Two shorter, overlapping COI amplicons (307 bp and 407 bp) were targeted, and contigs were assembled, and were aligned using codoncode aligner v8.0.2 (CodonCode Corporation). The barcode sequences, as well as photographs and metadata for specimens, were uploaded to the Barcode of Life Data System (BOLD) [19,20]. For species identification, BOLD used the BLAST algorithm [21] to identify the single base indel before aligning the protein translation through profile to a hidden Markov model of the COI protein [22].

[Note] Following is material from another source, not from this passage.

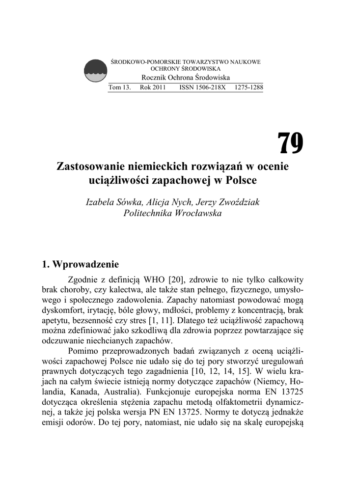 ŚRODKOWO-POMORSKIE TOWARZYSTWO NAUKOWE OCHRONY ŚRODOWISKA Rocznik Ochrona Środowiska Tom 13. Rok 2011 ISSN 1506-218X 1275-1288 79 Zastosowanie niemieckich rozwiązań w ocenie uciążliwości zapachowej w Polsce Izabela Sówka, Alicja Nych, Jerzy Zwoździak Politechnika Wrocławska 1. Wprowadzenie Zgodnie z definicją WHO [20], zdrowie to nie tylko całkowity brak choroby, czy kalectwa, ale także stan pełnego, fizycznego, umysłowego i społecznego zadowolenia. Zapachy natomiast powodować mogą dyskomfort, irytację, bóle głowy, mdłości, problemy z koncentracją, brak apetytu, bezsenność czy stres [1, 11]. Dlatego też uciążliwość zapachową można zdefiniować jako szkodliwą dla zdrowia poprzez powtarzające się odczuwanie niechcianych zapachów. Pomimo przeprowadzonych badań związanych z oceną uciążliwości zapachowej Polsce nie udało się do tej pory stworzyć uregulowań prawnych dotyczących tego zagadnienia [10, 12, 14, 15]. W wielu krajach na całym świecie istnieją normy dotyczące zapachów (Niemcy, Holandia, Kanada, Australia). Funkcjonuje europejska norma EN 13725 dotycząca określenia stężenia zapachu metodą olfaktometrii dynamicznej, a także jej polska wersja PN EN 13725. Normy te dotyczą jednakże emisji odorów. Do tej pory, natomiast, nie udało się na skalę europejską 1276 Izabela Sówka, Alicja Nych, Jerzy Zwoździak wprowadzić podobnych standardów odnośnie badan imisji zapachu i jakości powietrza atmosferycznego. 2. Niemieckie podstawy prawne przy ocenie uciążliwości zapachowej Podstawą prawną w odniesieniu do jakości powietrza jest w Niemczech Ustawa o Ochronie Powietrza Atmosferycznego (niemiecki BImSchG – Bundes-Immissionsschutzgesetz). Zgodnie z nim (§ 3 (1)) pogorszenie stanu środowiska spowodowane jest zanieczyszczeniami, które, ze względu na rodzaj, wielkość i czas trwania, mogą powodować zagrożenie, poważne szkody lub uciążliwość dla społeczeństwa. Tylko w ramach tej ustawy można rozpatrywać uciążliwość zapachową jako zanieczyszczenie środowiska. Każde uzyskanie pozwolenia na prowadzenie działalności lub kontrola funkcjonujących już zakładów ma na celu ocenę, w jakim stopniu ewentualna uciążliwość może być rozpatrywana jako poważna. Opracowano więc wytyczne „Odory w powietrzu atmosferycznym” [8]. Przedstawiony w nich został plan działania, od metod pomiarów imisji zapachu do wymagań dotyczących jakości powietrza. W wytycznych przedstawione zostały między innymi wartości dopuszczalne rozpoznawanego zapachu na terenach wokół zakładów. Wartości dopuszczalne wyznaczone zostały na podstawie przeprowadzonych porównawczych badań pomiarów wpływu oraz częstotliwości występowania zapachów [19], a także stopnia uciążliwości zapachowej ocenianego na podstawie badań ankietowych zgodnie z wytycznymi VDI 3883 [18]. Zgodnie z GOAA [8], zapach można scharakteryzować poprzez jego rodzaj, poziom odczuwania – powyżej progu rozpoznania, oraz za pomocą tzw. godzin odorowych. 3. Metodyka oceny uciążliwości zapachowej w Niemczech W związku z brakiem ujednoliconej terminologii w dziedzinie zapachów, wyjaśnienia wymagają pojęcia: ‘imisja zapachu’ oraz ‘badania ankietowe’. Pierwsze z nich pozwalają na ocenę częstotliwości występowania odorów, nazywane są także ‘badaniami terenowymi’. Natomiast mianem ‘badań ankietowych’ (ankiet) określana jest ocena uciążliwości zapachowej. Termin ‘pomiary terenowe’ odnosi się do całości Zastosowanie niemieckich rozwiązań w ocenie uciążliwości… 1277 oceny uciążliwości zapachowej z zastosowaniem zarówno pomiarów imisji, jak i ankiet. 3.1. Pomiary imisji zapachu Ocenie podlegają obszary, na których zapach można zidentyfikować jako charakterystyczny dla danego zakładu, tj. jeśli można rozróżnić go od zapachu z transportu drogowego, palenisk domowych, roślinności czy nawozów. Zgodnie z prawem, imisja zapachu uznawana jest jako uciążliwość zapachową, jeśli przekracza ona wartość dopuszczalną EXPlim. Wartości dopuszczalne, odpowiadające godzinom odorowym zestawiono w tabeli 1. Tabela 1. Wartości dopuszczalne imisji zapachu (EXPlim) dla różnych typów obszarów [8] Table 1. Exposure limits (EXPlim) for different area of utilization [8] Obszary mieszkalne i mieszane Obszary przemysłowe Obszary wiejskie 0,10 0,15 0,15 Pomiary imisji zapachu przeprowadzane są na ‘obszarze pomiarowym’, składającym się z ‘kwadratów pomiarowych’, położonych wewnątrz okręgu o środku obliczonym na podstawie emisji zapachu ze wszystkich źródeł. Promień powinien odpowiadać 30 wysokościom emitora i być nie mniejszy niż 600 m. Długości boków kwadratów powinny wynosić 250 m. Ponadto, wszystkie źródła powinny mieć środek w centralnym punkcie jednego z kwadratów. Pomiar prowadzi się na wysokości ok. 1,5 do 2 m nad poziomem gruntu, w odległości nie mniejszej niż 1,5 m od zabudowań. Okres pomiarów musi być reprezentatywny dla całego roku. Wyniki powinny być reprezentatywne także dla całej doby. Dlatego pomiary odbywają się równomiernie przez 24 godziny, co oznacza, że wykonuje się je także w nocy. Ważne jest, aby zagwarantować położenie punktów pomiarowych możliwie jak najbliżej ustalonych węzłów w siatce, a w przypadku jakichkolwiek przeszkód, w najbliższym możliwym punkcie. W każdym punkcie pomiarowym należy dokonać 13 lub 26 pomiarów, w zależności od możliwości zapewnienia wymaganej wiarygodności pod względem statystycznym, a rozkład pomiarów pod- 1278 Izabela Sówka, Alicja Nych, Jerzy Zwoździak czas całego okresu badań musi być równomierny. Sumą wyników ze wszystkich rogów jednego kwadratu pomiarowego są godziny odorowe. W celu zapewnienia wymaganej jakości wyników, co najmniej 10 osobowa grupa, przeprowadzająca pomiary, musi być odpowiednio wyszkolona i wrażliwa na zapachy, ponieważ pod uwa

A live, fully engorged nymph was collected from a migrating White-throated Sparrow, Zonotrichia albicollis, band number 2981-37767, on 02 May 2022 (Figure 1A). In the lab, the nymph likely failed to molt to due to an environmental contaminant in the food supply and/or drinking water. When the brownish nymph appeared to be dead, it was put in 94% ethyl alcohol for preservation.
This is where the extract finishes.